The Champagne Brunch: 34, Mayfair
Champagne adds a special flair to any meal, so go all-out with a fancy Champers brunch at 34. Every weekend, this upmarket grill restaurant in the heart of Mayfair offers an extravagant range of brunch dishes, such as a variety of Benedict plates, lobster omelette Thermidor, and the sweetest banoffee waffles and cream; there’s also an ample steak menu. In the upscale surroundings, sip Champagne from the bespoke Kate Moss coupes that come with a quirky story.
Details: 34, Mayfair. Weekends; noon – 5pm.
The Hotel Brunch: The Wolseley
To brunch in absolute luxury, a table at The Wolseley is a must. The Wolseley is the finest hotel for breakfast or brunch, and a famed landmark.
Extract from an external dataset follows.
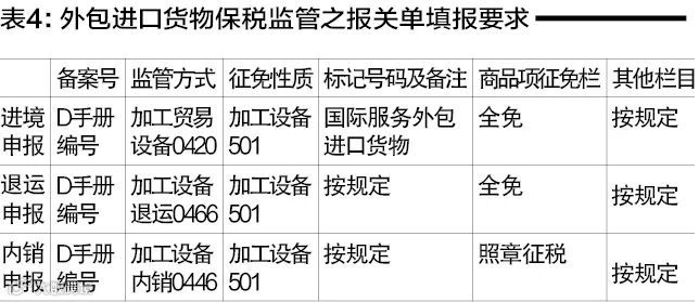 外包进口货物通关监管主要涉及进境申报、退运出境申报和内销补税申报,重点是报关单相关栏目填制的规范性,如表4所示。

In the book he wrote dedicated to the place, A.A. Gill wrote, “Breakfast is everything. The beginning, the first thing. It is the mouthful that is the commitment to a new day, a continuing life.” And brunch here is just as much an event as it is a meal; timeless dishes here include kedgeree, smoked salmon and eggs, and French toast. Wash it down with a wiener kaffee – espresso with whipped cream – or quite possibly the best bloody Mary you’ll ever have in London.
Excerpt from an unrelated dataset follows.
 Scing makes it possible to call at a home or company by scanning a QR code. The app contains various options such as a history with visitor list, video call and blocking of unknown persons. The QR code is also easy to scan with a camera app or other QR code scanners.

Details: The Wolseley. Everyday, orders from the breakfast menu.
The Restaurant Brunch: Maze
At Gordon Ramsay’s Maze in Mayfair, Sundays are for brunching with an Asian flavour: Japanese fare including a wide variety of sushi, such as tuna tartare and other tasty Japanese platters. The Maze brunch has a set time limit of an hour and a half; perhaps wise as it’s a bottomless brunch with free-flowing bubbly. And it’s a reasonable £40 for a top Ramsay restaurant.
Details: Maze, Mayfair; Sundays, noon – 4pm.
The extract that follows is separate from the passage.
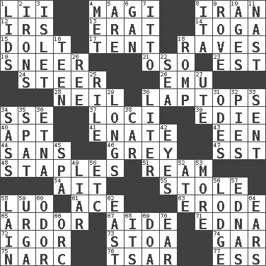 ACROSS 1. Cards in a Roman deck? 4. Wise men 8. SW Asia republic 12. Big collection agency 13. Part of Q.E.F. 14. Ancient Roman robe 15. Stupid person 17. Portable shelter 18. All-night dance parties 19. Contemptuous expression 21. Bear (Spanish) 23. Eastern Standard Time (abbr.) 24. Navigate 26. Australian flightless bird 28. Famous astronaut Armstrong 30. Portable computers 34. Compass dir. 37. Venues 39. Singer Brickell 40. Fitting 41. Maternal 43. Car or cant ending 44. Without 46. Jennifer or Joel 47. Fast jet (abbr.) 48. Paper fasteners 51. 480, 500 or 516 sheets of paper 54. Small island 55. Took without asking 58. Nilotic language 61. Adept person 63. Wear away 65. Zeal 67. Helper 71. Pulitzer Prize-winning author Ferber 72. Russian composer Stravinsky 73. Portico 74. Slender fish 75. Drug cop 76. Russian ruler of old 77. Double-curved letter DOWN 1. Flaplike coverings 2. Removes the wrinkles 3. Small island 4. Was introduced to 5. "We ___ not amused" (Victoria) 6. Separate the seeds from cotton 7. "Tell ____ the Marines!" 8. Call ___ day 9. Be footloose 10. Matures 11. Political cartoonist Thomas 16. Adolescent 18. Frolic 20. To separate or throw off 22. Ocean 25. Cause heat under the collar 27. Shoshoni 29. Yearns 30. 61 cubic inches 31. Lyric poems 32. Sliced desserts 33. Emitted 34. Backtalk 35. Petty quarrel 36. Inactive volcano in Sicily 38. 4-wheeled motor vehicle 42. Snake ____ (dice throw) 45. Health resort 49. One who doesn't tell the truth 50. And so on (abbr.) 52. Had dinner 53. Greater amount 56. Cabin 57. Ferber et al. 58. (Had) reclined 59. Capital and largest city of Mongolia 60. Aroma 62. 90 degrees 64. Hearing organs 66. The grampus (Milton) 68. ___ a Wonderful Life 69. ___ good deed 70. Ewer handle

The Brunch with a View: Duck and Waffle
To enjoy a brunch with sky-high views, book a table at Duck and Waffle. It’s London’s highest brunch, on the 40th floor of the Heron Tower. The fare is as divine as the panoramic view, duck is the menu focus here (as the name suggests, with waffles) plated for patrons crispy and delicious, or Asian-style as a congee, or rice porridge popular in the Pacific Rim. Other highlights include duck egg and soldiers and a Benedict with one difference – ox cheek. The Colombian eggs is a delight of a dish with scrambled eggs, tomato, avocado and chorizo on sourdough. Either way, gazing out of the window with a mimosa is quite the pleasant pastime.
Details: Duck and Waffle; weekends, 9am – 4pm.
The Dim Sum Brunch: Hakkasan
Michelin-starred restaurant, Hakkasan, offers Cantonese fare and their exclusive Dim Sum Sundays. Dim sum translates as ‘touching the heart’ in Cantonese, and this brunch hits that spot. For patrons craving Asian dishes and wanting to steer away from the standard brunch menu, a delightful dim sum journey starts at Hakkasan. Tuck into four courses of mouth-watering dim sum, enjoy their two signature cocktails, and half a bottle of Louis Roederer Brut Premier Champagne. Monday might be a long day.
Details: Hakkasan; Sundays, noon – 6.45pm.